Interstitial‐Substitutional‐Mixed Solid Solution of RuO2 Nurturing a New Pathway Beyond the Activity‐Stability Linear Constraint in Acidic Water Oxidation

Abstract The acidic oxygen evolution reaction (OER) electrocatalysts for proton exchange membrane electrolyzer (PEMWE) often face a trade‐off between activity and stability due to inherent linear relationship and overoxidation of metal atoms in highly oxidative environments, while following the conventional adsorbate evolution mechanism (AEM). Herein, a favorable AEM‐derived proton acceptor‐electron donor mechanism (PAEDM) is proposed in RuO 2 by constructing interstitial‐substitutional mixed solid solution structure (denoted as C,Ta‐RuO 2 ), which can effectively break the activity‐stability trade‐off of RuO 2 in acidic OER. In situ spectroscopy experiments and theoretical calculations reveal that the interstitial C as the proton acceptor reduces the deprotonation energy barrier, enhancing catalytic activity, while the substitutional Ta as the electron donor donates electrons to the Ru sites via bridging oxygen, weakening the Ru─O bond covalency and preventing over‐oxidation of surface Ru, thereby ensuring long‐term stability.
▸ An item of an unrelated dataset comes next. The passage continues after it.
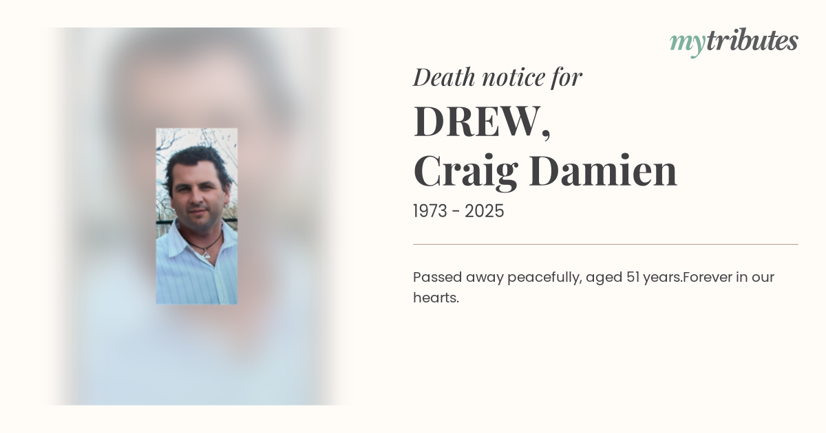 Passed away peacefully, aged 51 years.Forever in our hearts.

Under the guidance of this mechanism, the optimized C,Ta‐RuO 2 simultaneously achieves far low overpotential (η 10 = 171 mV) and ultra‐long stability (over 1300 h) for the acidic OER. More remarkably, a homemade PEMWE using C,Ta‐RuO 2 as the anode also shows high water splitting performance (1.63 V@1 A cm −2 ). This work supplies a novel strategy to guide future developments on efficient OER electrocatalysts toward water oxidation.